И ведь не то чтобы я была совсем отсталая женщина. Феллини обсудить могу, тальятелле. Но в библиотеке дыхание культуры заставляло ощутить себя немытым питекантропом, ковыряющим в зубах чужим ребром.
Во-первых, фотографии. Библиотека проводила выставку известного фотохудожника на тему «Моя святая Русь». Полсотни снимков, каждый размером с окно.
Там было все: золотые купола, белые церкви, беззубые старушки с умильными морщинистыми лицами, могучие казаки в шароварах, девицы в ромашковых венках, волоокие буренки, пшеничные колосья, обязательная капля росы на траве, в которой сверкает солнечный луч, – в общем, весь тот разлюлималинистый трэш, которым заваливают фотостоки сотни владельцев кэнонов и никонов, не ведающие стыда.
Во-вторых, стихи.
Художник умел не только фотоаппаратом. Он еще знал за поэзию. Каждый снимок сопровождался двустишием. Например, под фотографией зимней речки было написано:
О Родина! Ты вся во льду! И я в бреду к тебе иду,
И блики ласково сияют и прямо в сердце проникают.
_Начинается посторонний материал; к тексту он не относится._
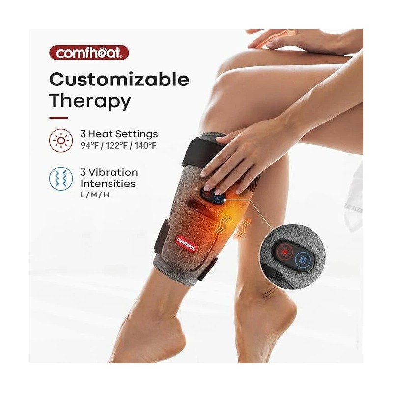 - Targeted Pain Relief with Heat and Vibration: Relieve calf, knee, thigh and shin splint discomfort with 3 adjustable heat levels (104℉, 122℉, 140℉) and 3 vibration intensities. Perfect for relieving muscle tension, joint stiffness, and helps recovery after workouts or long days
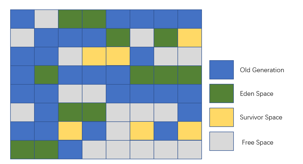 G1收集器可以在几乎不牺牲吞吐量的前提下完成低停顿的内存回收,这是由于它能够极力避免全区域的垃圾收集,之前的收集器进行收集的范围都是整个新生代或老年代,而G1将整个Java堆(包括新生代、老年代)划分为多个大小固定的独立区域(Region),并且跟踪这些区域里面的垃圾堆积程度,在后台维护一个优先列表,每次根据允许的收集时间,优先回收垃圾最多的区域(这就是Garbage First名称的由来)。区域划分、有优先级的区域回收,保证了G1收集器在有限的时间内可以获得最高的收集效率。
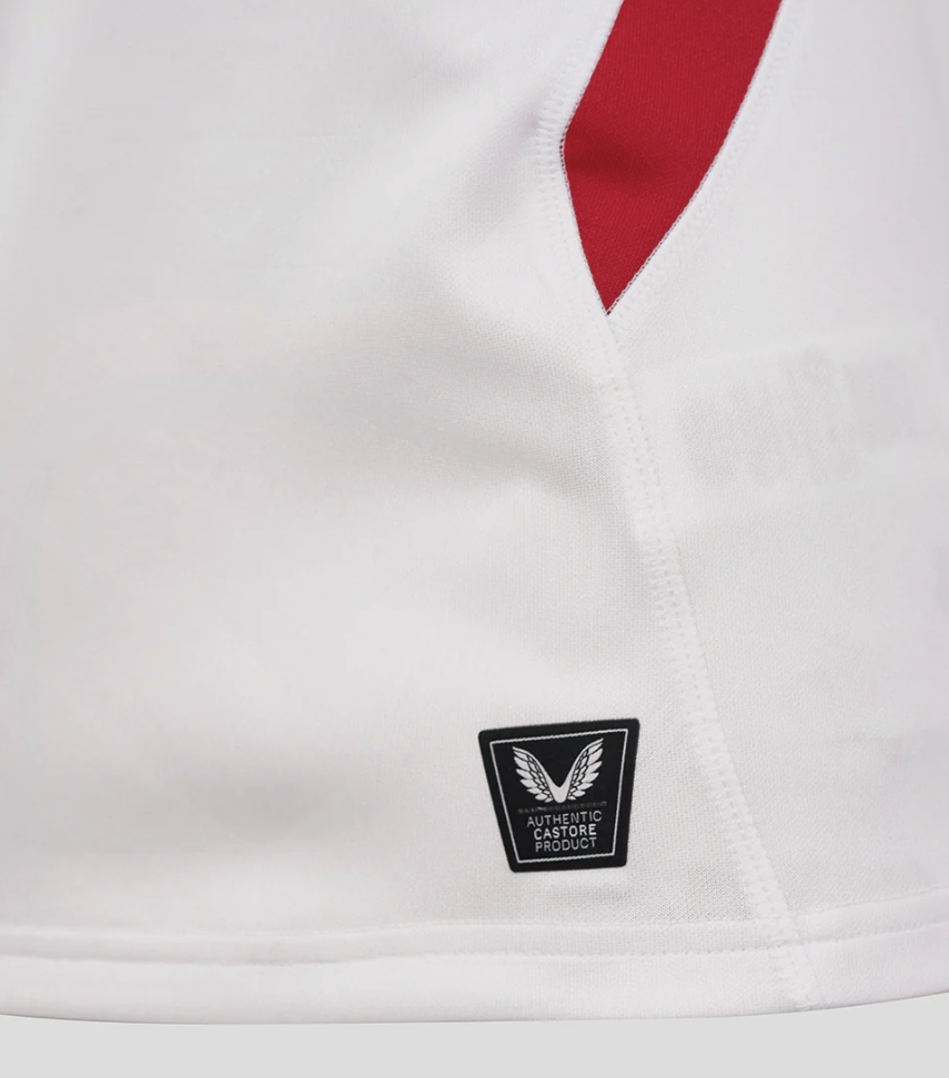 The chest proudly displays the England Rugby crest alongside Castore iconic brand logo, a tribute to 100 years of sporting excellence. A St. George Cross detail at the back neck adds a finishing touch of national pride. Made from 100% polyester knit, this officially licensed jersey ensures you’re ready to support the team in style.
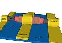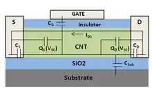 A carbon nanotube field-effect transistor (CNTFET) is a field-effect transistor that utilizes a single carbon nanotube (CNT) or an array of carbon nanotubes as the channel material, instead of bulk silicon, as in the traditional MOSFET structure. There have been major developments since CNTFETs were first demonstrated in 1998.[1][2]
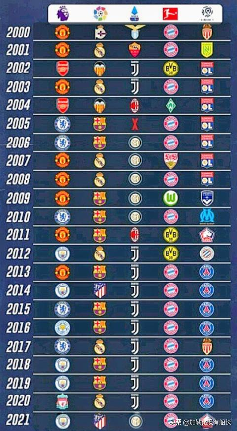 上个周末德甲霸主拜仁击败联赛冠军直接竞争对手多特提前3轮夺得德甲冠军,从而完成了德甲10连冠的伟业,这也使得他们成为五大联赛首支完成10连冠的球队。在19/20赛季由老妇人尤文创造的意甲9连冠纪录也就此被拜仁时隔2年打破,斑马军团在11/12至19/20赛季完成的意甲9连冠,直到上赛季被他们联赛中的死敌国米终结遗憾未能早拜仁一步完成10连冠伟业,此外虽然如今法甲的霸主是大巴黎,但连冠纪录却属于7连冠的里昂,西甲纪录则是由皇马创造的5连冠,但同为五大联赛的英超却最多也只有曼联的3连冠,近4年三夺联赛冠军的曼城中间被利物浦在19/20赛季中段了其夺冠势头,为何在英超不要说连冠纪录这么短,就连卫冕都很难呢?下面就结合发生在英超时代联赛冠军身上的故事来一探究竟。
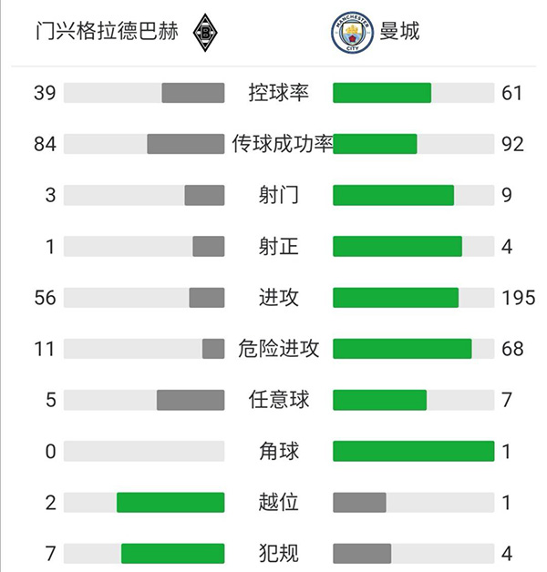 29分钟曼城取得领先,门兴后场勉强出球被坎塞洛抢断,后者45度送出传中B席后点头球破门,1-0,曼城客场取得领先!
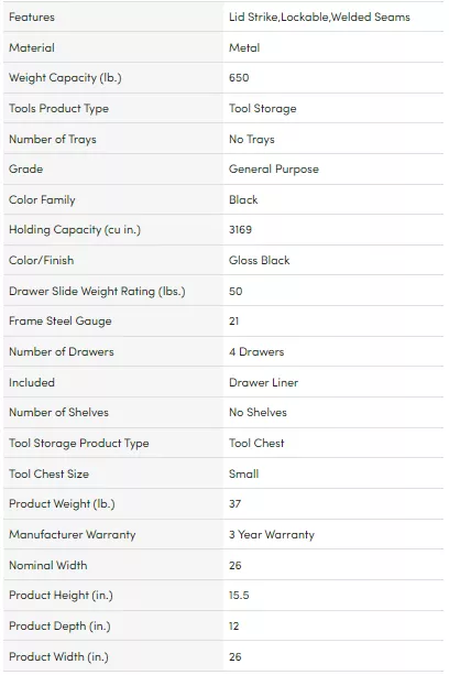 This Husky 26 in. W 4-Drawer Tool Chest is perfect for all of your storage needs. Durable 50 lbs. ball-bearing drawers with smooth detent retention, full width drawer trim, and included drawer liners provide easy access and organization when you need it, while the internal locking system provides security when you are away. Gas struts keep the lid open during use, and a custom Husky embossed stiffener provides extra stability to the lid.
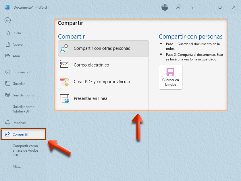 En la siguiente imagen, se visualiza la opción en Microsoft Word que permite compartir un documento desde la pestaña “Archivo”, opción “Compartir” y en ella: “Compartir con otras personas”:
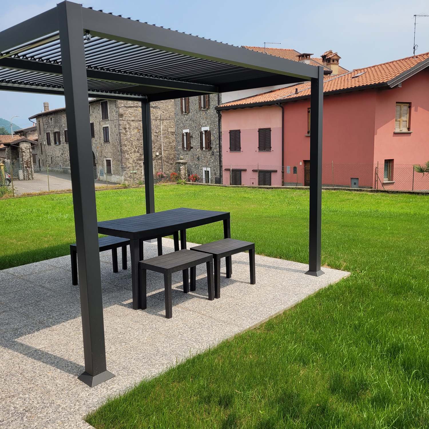 Giardino recintato e attrezzato con barbecue, pergola con tavolo e sedie, lettini prendisole
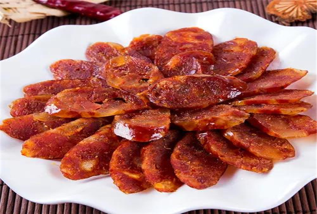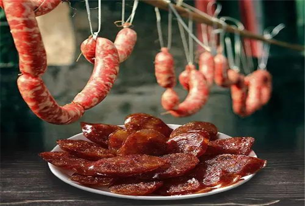 香腸得做“灌” ,先到市場上買小腸,然后回家用面粉、鹽反復(fù)漂洗,洗凈豬小腸后,還要挑選合適的肉和佐料,切碎,灌進(jìn)小腸內(nèi)。大部分人家挑選的是豬瘦肉,有添五花肉的,切成寸塊,根據(jù)各人喜好,拌進(jìn)不同的佐料;有加五香粉、八角粉的;有加糯米以增加黏度便于切片的;有滴酒添香的;也有僅加進(jìn)白糖和食鹽保鮮的。總之,各種不同配料的選擇,極大地豐富了香腸的品樣。春節(jié),隨意走進(jìn)鳳慶一戶人家,就會嘗到不同風(fēng)味的香腸,這些農(nóng)家手工腌制的不同風(fēng)味的香腸,是任何現(xiàn)代化的流水線所生產(chǎn)的香腸望塵莫及的。香腸灌好,用細(xì)線繩扎成一節(jié)節(jié)一拃多長的短節(jié),掛在房前屋檐下晾曬。這成了鳳慶鄉(xiāng)下臘月的一道風(fēng)景。

А под морщинистой старушкой —
С годами мудрость накопила, в душе сокровища любви.
И пусть бедны ее ладони, ты не стесняясь обними.
У меня нервная система как у хомяка. С возрастом еще как-то устаканилось, все-таки трехразовое кормление – великая вещь. А тогда еще остро на все реагировала, особенно если в непосредственной близости березы и старушки мироточат.
В общем, я себя там чувствовала как пациент инквизиции на процедуре экзорцизма. И единственный луч надежды светил мне во всей этой сусальности – повесть детского писателя, которую автор вот-вот должен был начать читать вслух.
Тут нас как раз и созвали. Рассадили кружочком. В центр вышел красивый мужчина при галстуке. Все притихли.
– Сегодня, – говорит мужчина, – я почитаю вам свой новый роман. Он носит религиозно-сексуальный характер. Экспериментальная проза.
Я в этот момент что-то сказала. Ну, то есть как сказала… Звук издала. Это был такой очень концентрированный звук. Как если бы Эдмону Дантесу объявили, что ближайшие двадцать лет он проведет в тюрьме, его отец умрет от голода, а его возлюбленная выйдет замуж за конченого урода, и у него не будет детей, а еще его сбросят в море, но не поплавать, а в мешке для трупов, – так вот, если утрамбовать все то, что сказал бы по этому поводу Эдмон Дантес, в одно надрывное кряканье, то как раз получился бы этот звук.
Дело в том, что я человек довольно старомодных убеждений. Местами прямо-таки пуританских. Поймите меня правильно: если бы Фельтону Миледи станцевала тверк, он бы тоже не обрадовался, хотя казалось бы. Я не люблю, когда мне вслух читают романы религиозно-сексуального характера.